Wednesday, July 28, 2010

Florida case asks whether inadequate funding of public defender's office results in violation of consitituional rights; Michigan says no.

Here is a link to a comment posted in the Crim Law Prof Blog discussing State v. Public Defender, Eleventh Judicial Circuit, 12 So. 3d 798 (Fla. 3d DCA 2009), review granted, No. SC09-1181 (Fla. May 19, 2010), a case to be heard by the Florida Supreme Court that asks whether the limitations imposed by inadequate public funding of a Public Defender's office results in a violation of the constitutional rights of the defendants the PDs represent.

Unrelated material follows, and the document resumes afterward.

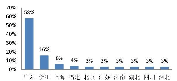 广东省在跨境电商规模指数中排名第一,超过半数卖家聚集在此,3C及服装类销量领先,主要得益于成熟的经济发展、良好的区位优势、丰富的外贸人才储备、便利的物流基础设施以及完备的制造业产业链; 长三角江浙区以服饰、鞋帽和家居类为销售领先,拥有发达的轻工业基础,产业集群效应表现明显; 福建以运动鞋服为主,拥有丰富的货源采购和出口优势。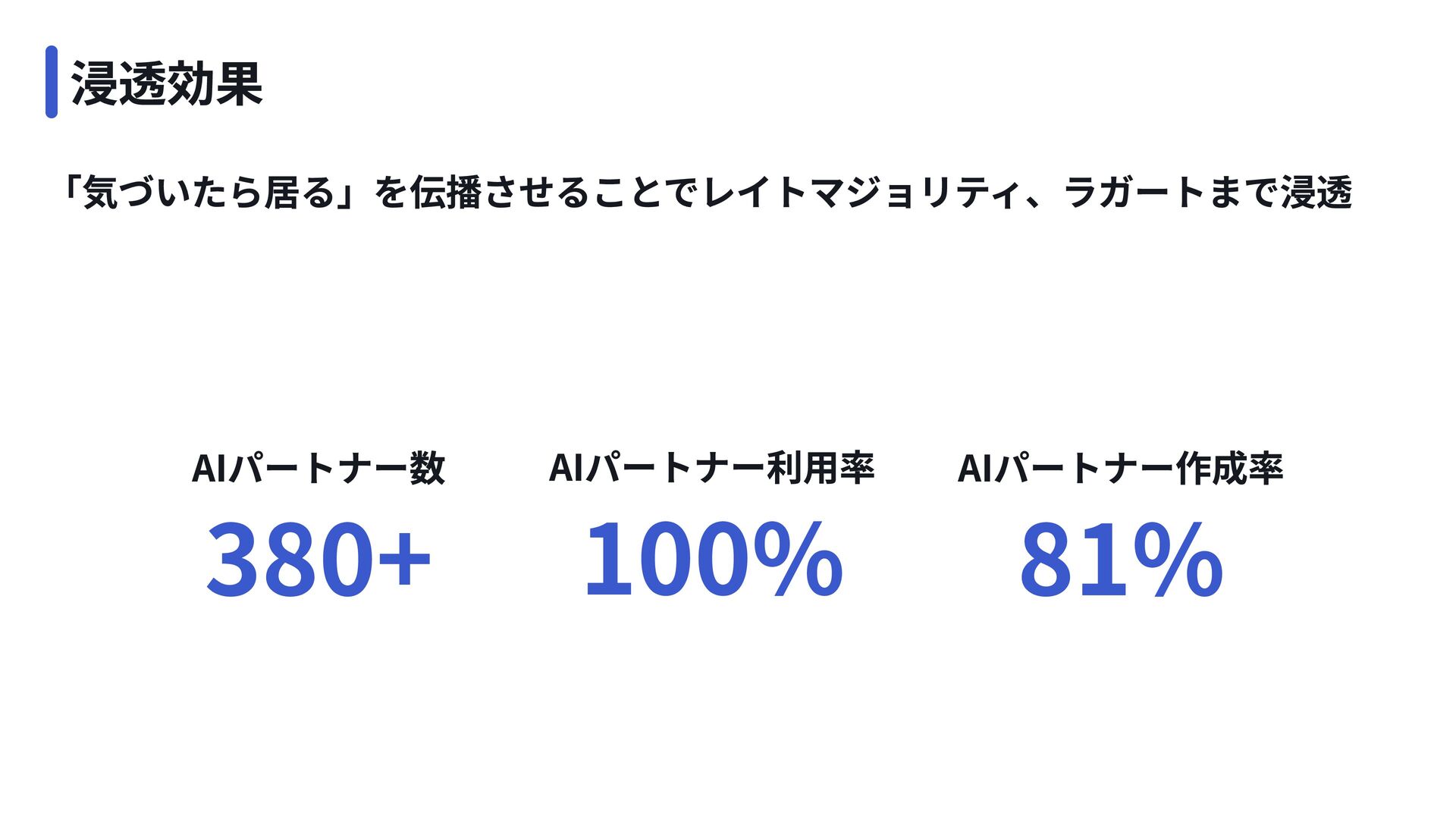 浸透効果 「気づいたら居る」を伝播させることでレイトマジョリティ、ラガートまで浸透 AIパートナー数 380+ AIパートナー利用率 100% AIパートナー作成率 81%

In this case, the Public Defender's office of Florida's 11th district asked the court to be relieved of its obligation to be appointed to represent all future non-capital felony cases because the office's inadequate funding resulted in such an overload of cases for each individual lawyer that they felt they were not able to comply with legal and ethical duties to the clients. The lower court granted the request and the case is now under review.

Interestingly, the Missouri public defender's office has also decided not to take any new cases (here).

In a similar case, the Michigan Supreme Court recently reversed itself and threw out a lawsuit that was aimed at holding the state responsible for failure to provide adequate funding to hire lawyers for poor people accused of crimes. Go here for that story.

Thanks to the Legal Ethics Forum for the information.